Correct. What makes intelligent design a non-science is the fact that there is no mathematical formulation (let alone proofs) of its claims of irreducible complexity and consequent intelligent agency.

As I mentioned above, no one disputes that there is organization in the cell and in living systems. We can also probably agree that the biosemiotics model generalizes some parts of that organization into concepts that can be used to represent other information transfer systems. But what we cannot agree on is that the existence of living cells (and thus “the capacity to encode memory using dimensional representations”) just by itself is “proof” of intelligent agency. Now this is not to say that such irreducible complexity cannot ever be expressed as a mathematical statement in terms of combinatorial chemistry (a la Halting Problem) to argue that a self-replicating precursor to life as we know it cannot have existed. It’s just that, to the best of my knowledge, no one has produced such a theorem to date.

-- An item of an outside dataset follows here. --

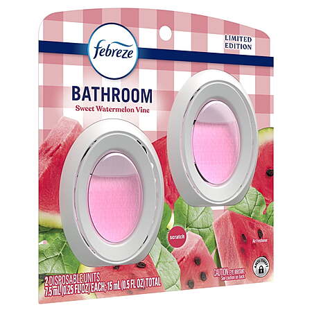 Febreze Bathroom Air Freshener, Small Spaces Watermelon or Gain Scents , 2 Count $5.94 get $3 Walmart cash FS PLUS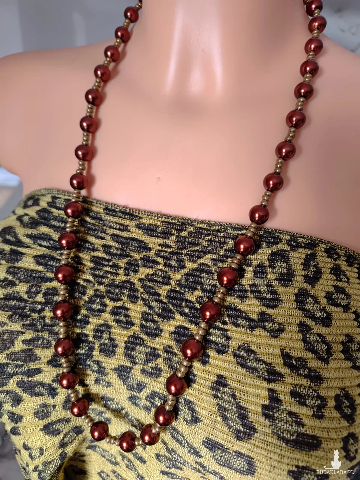Naszyjnik Perły Czekoladowe Szklane Metalizowane

I already agreed above that your model can be used to represent the basic arrangement of information in cells insofar as it captures their genome/proteome/organism structure. I would not necessarily go as far as asserting it’s “required” in the sense that “there can be no other way to transfer information” but that is probably not relevant to the point you’re trying to make.

Hi Nuno,

I do not wish to participate in your interesting exchange with @Biosemiosis.org, but I could not help but smile when I read the above quote - I have stated for many years this quote is just as relevant to neo-Darwinian thinking, and have pointed out that natural selection is simply not mathematically treatable.

So we are left with a somewhat entertaining notion that the criteria is valid for ID (which I am critical of) and yet for some mysterious reason becomes invalid for ND (!). :smile: Difficult state of affairs, don’t you think.